INVESTIGADORES
CASAGRANDA Maria Dolores
artículos
Título:
A comparison of NDM and PAE using real data.
Autor/es:
J. SALVADOR ARIAS; M. DOLORES CASAGRANDA; J.M. DÍAZ GÓMEZ
Revista:
CLADISTICS (PRINT)
Editorial:
WILEY-BLACKWELL PUBLISHING, INC
Referencias:
Lugar: Oxford; Año: 2010 vol. 26 p. 4 - 4
ISSN:
0748-3007
Resumen:
Although identification of areas of endemism is an important step in a biogeographical analysis, explicit methods for searching this patterns as PAE and NDM, follow very different criteria for its definition, and its application might result in identification of dissimilar areas of endemism from the same data set. Whereas a few a comparative analyses between methods for delimitation of areas of endemism has been done, up to now there are not numerical studies that formalize differences between those methods when real data are used. In order to do these comparison we tested three methods for delimitation of areas of endemism: PAE (Morrone, 1994); PAE-PCE (Garcia-Barros et al., 2002), and NDM as proposed by Szumik and Goloboff (2004), on 20 published distributional data, and compared the stability of results. Stability is measured by the number of areas of endemism found in a jackknife resampled data sets, which are also found in the complete matrix. Two kind of jackknife were performed, a ´taxon´ jackknife, which removes a whole taxon´s distribution from the data, and a ´cell´ jackknife which removes cells scored as presence in the data matrix. The deletion probability is 1/e (the logn base, roughly 36%).
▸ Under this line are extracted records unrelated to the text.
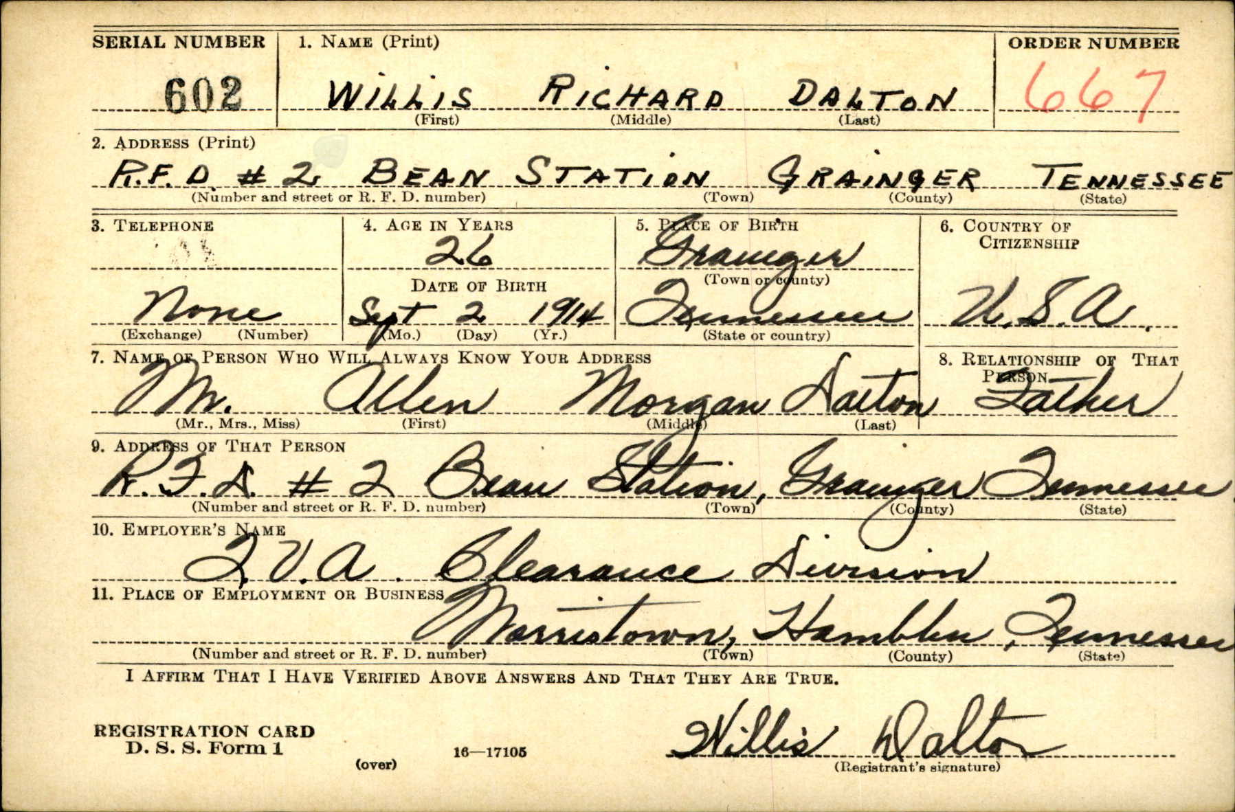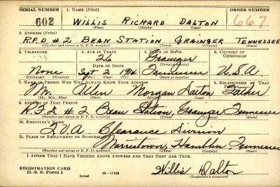 Willis Richard Dalton was born on 2 September 1914, the son of Allen Morgan Dalton and Julia Ann Samsel.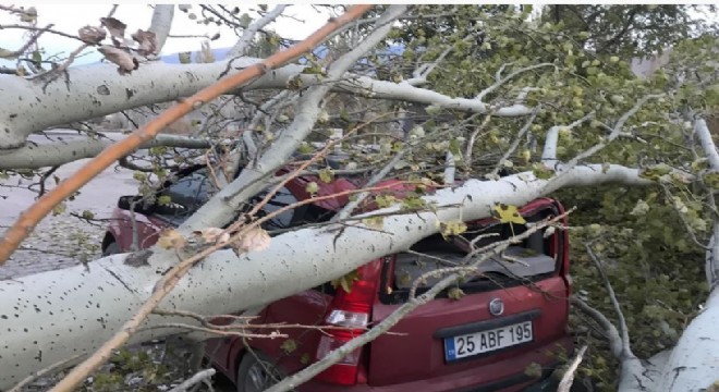 Oltu ilçesinde seyir halinde olan otomobilin üzerine kesilen kavak ağacı düştü.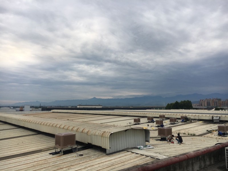 成都市大邑縣工業區龍廚食品廠房內由于夏季溫度太高,廠房內安裝冷風機,但是由于是在以前已經修建好的彩鋼頂上開孔安裝冷風機,冷風機安裝好之后,冷風機排風管穿過彩鋼頂的地方開的孔周邊漏水,我公司采用瀝青防水卷材施工,對排風孔周邊進行了防水補漏處理。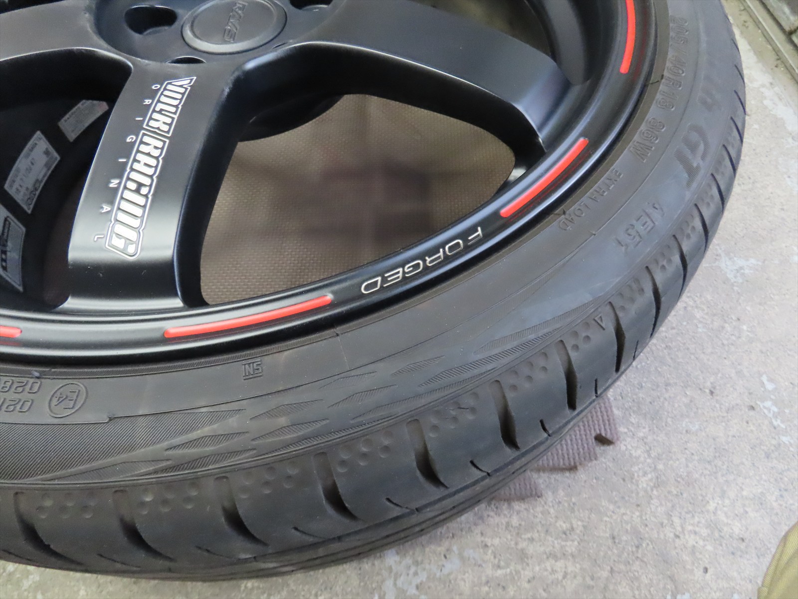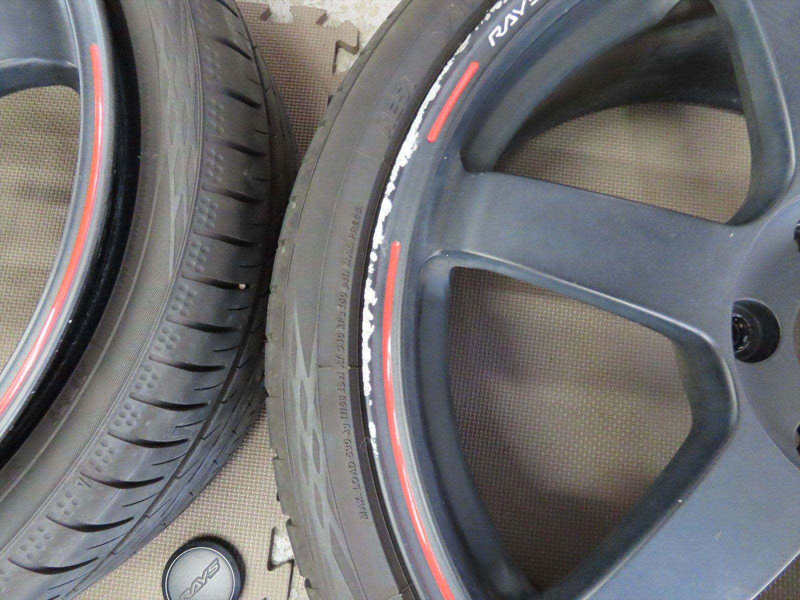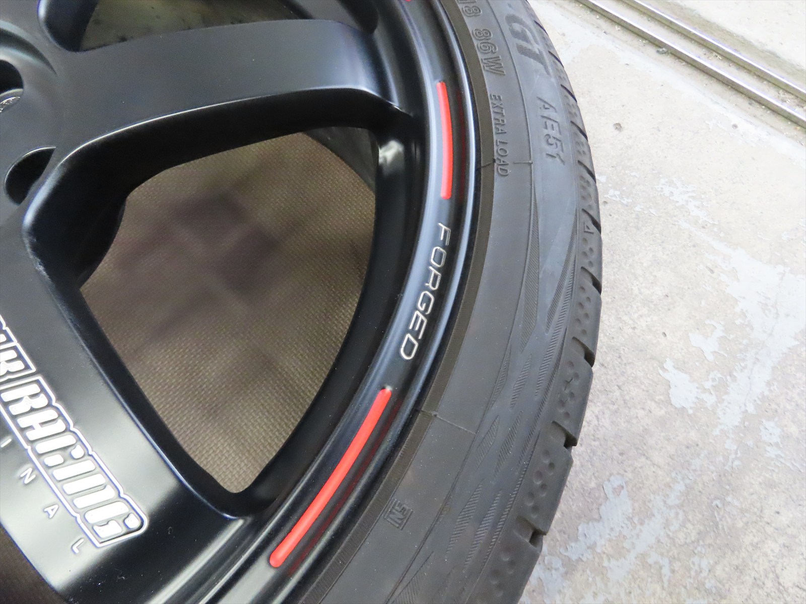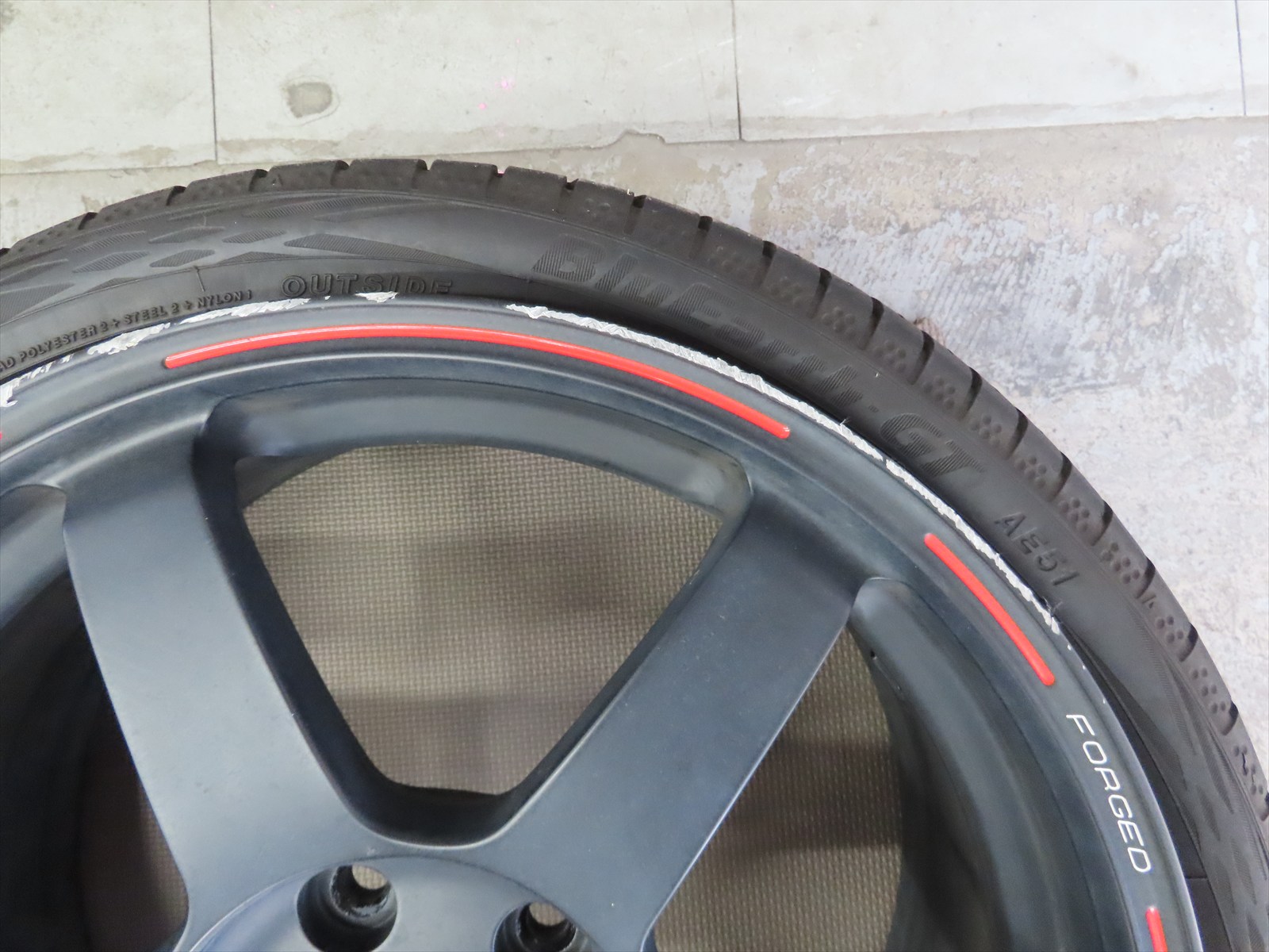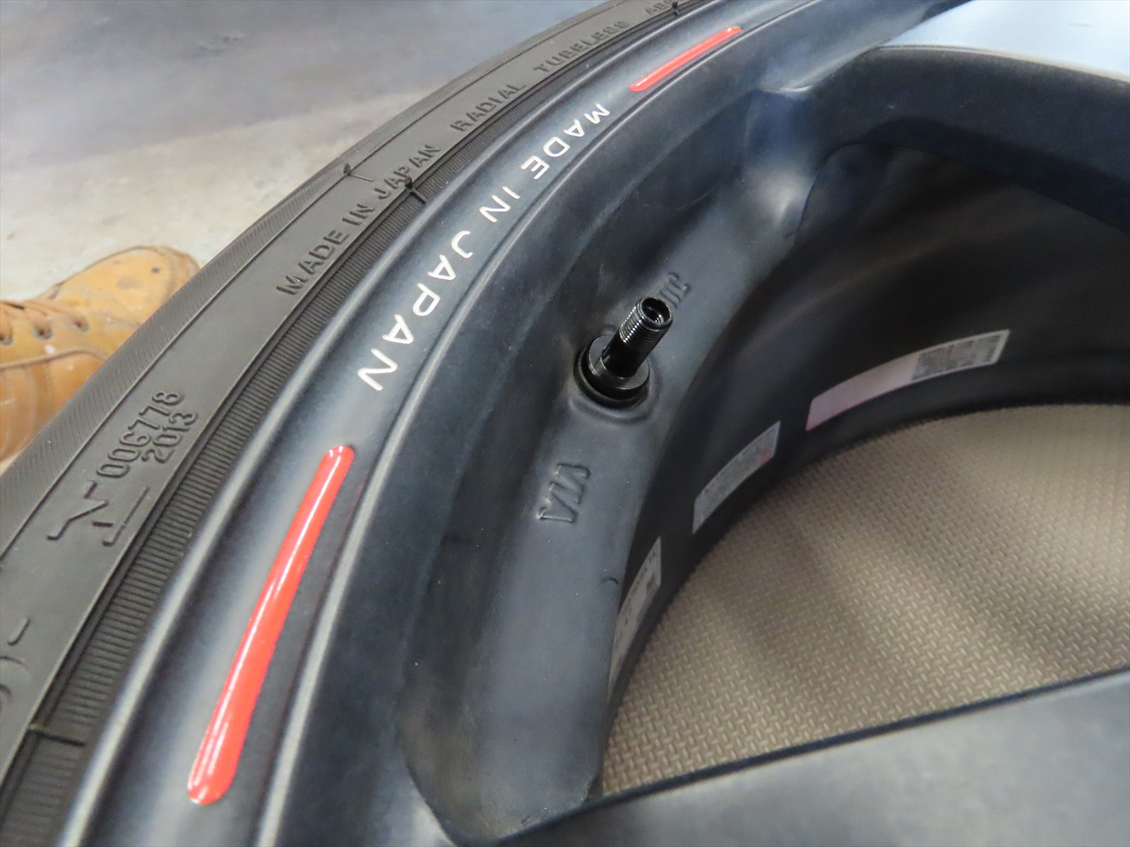 写真でも見てもお分かりかと思いますが、マットブラック塗装仕上げのホイールにマニシング(機械切削加工)による文字・赤色ライン・ブランドロゴの印字がありますよね!・・・この印字の外周側に長い範囲のガリ傷が確認できます。(;^_^A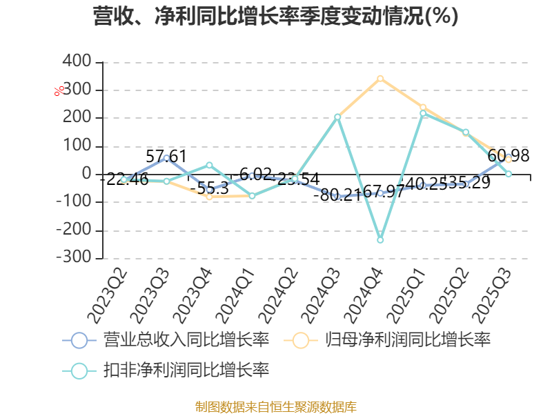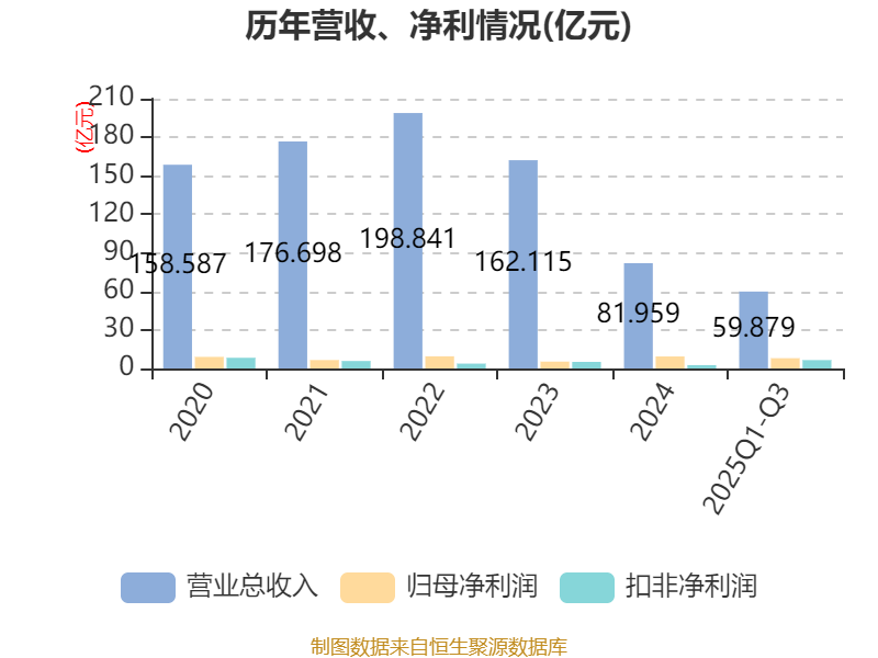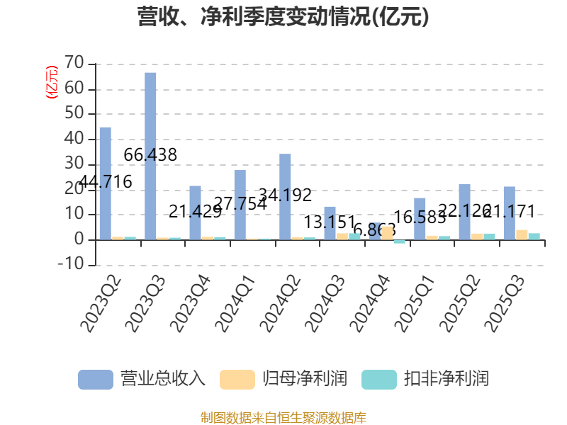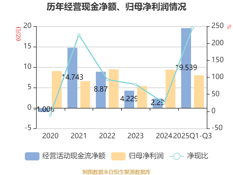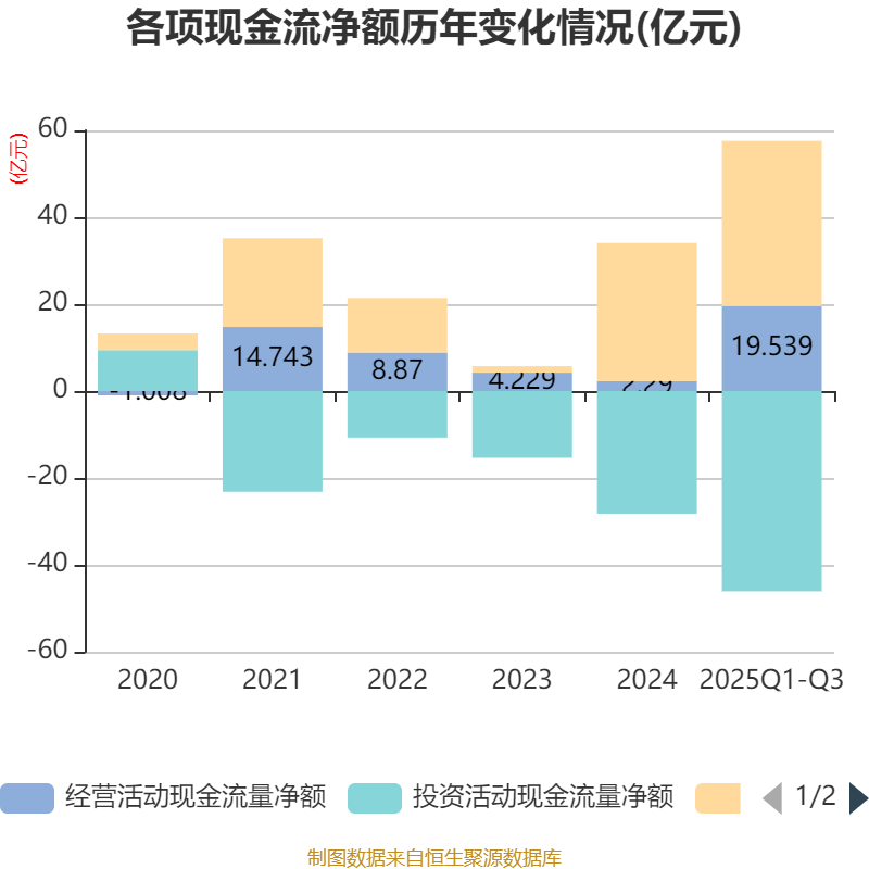 2025年前三季度,公司经营活动现金流净额为19.54亿元,同比下降15.08%;筹资活动现金流净额38.04亿元,同比增加28.41亿元;投资活动现金流净额-46.1亿元,上年同期为-30.23亿元。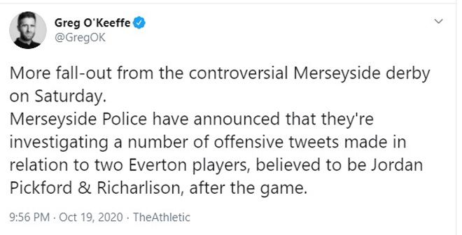 Cũng theo nguồn tin từ tờ Athletic, cảnh sát vùng Merseyside đang bắt đầu mở cuộc điều tra về một số lời lẽ quá khích trên mạng xã hội nhắm vào hai cầu thủ Everton sau khi trận đấu với Liverpool kết thúc. Danh tính của hai cầu thủ này không được tiết lộ nhưng tờ Athletic cho rằng cầu thủ đầu tiên là Jordan Pickford còn người kia là Richarlison.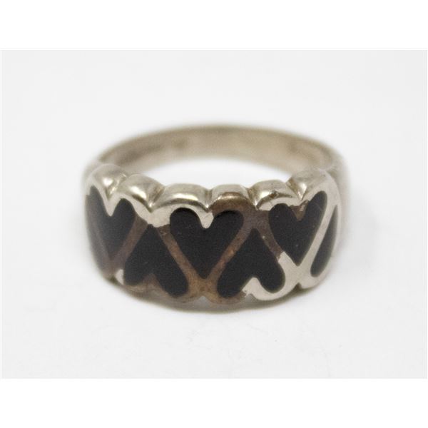 SM SILVER RING WITH BLACK HEARTS MADAME RAC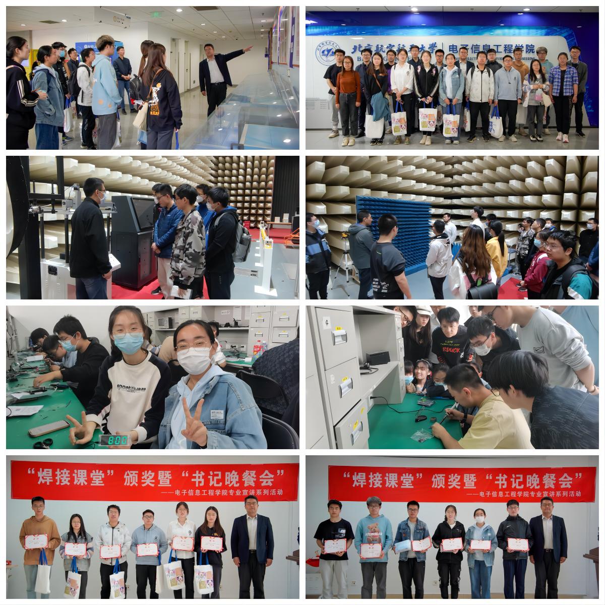 此外,学院还组织了学院展览参观、电磁兼容实验室参观、焊接课堂等多个活动。同学们通过亲身体验参观,领略了前沿科技与学院的科研成果;通过动手焊接实操,对专业特色有了更直接的感受。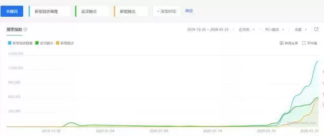 而背后,从百度搜索指数趋势看,用户对“新型冠状病毒”的搜索量出现激增。 仅仅在1月21日,两天内“新型冠状病毒+新型肺炎+武汉肺炎”三大关键词搜索指数较之前日均值上涨近100倍。而“新型冠状病毒”在近5日内搜索指数提升3342%。

We found that (1) NDM finds more areas than PAE, or PAE-PCE; (2) PAE-PCE does not generally find more areas than those obtained with PAE; (3) NDM results were the most stable to taxa deletion, while both PAE and PAE-PCE stability is poor; (4) Similarly, cell jackknife does not affect in a relevant way the number of stable areas obtained with NDM, but it greatly affects PAE and PAE-PCE performance. Our results highlight the limitations of parsimony, or its modifications, for the identification of areas of endemism, especially when distributional data sampling is "incomplete", as occurs in real distributional data.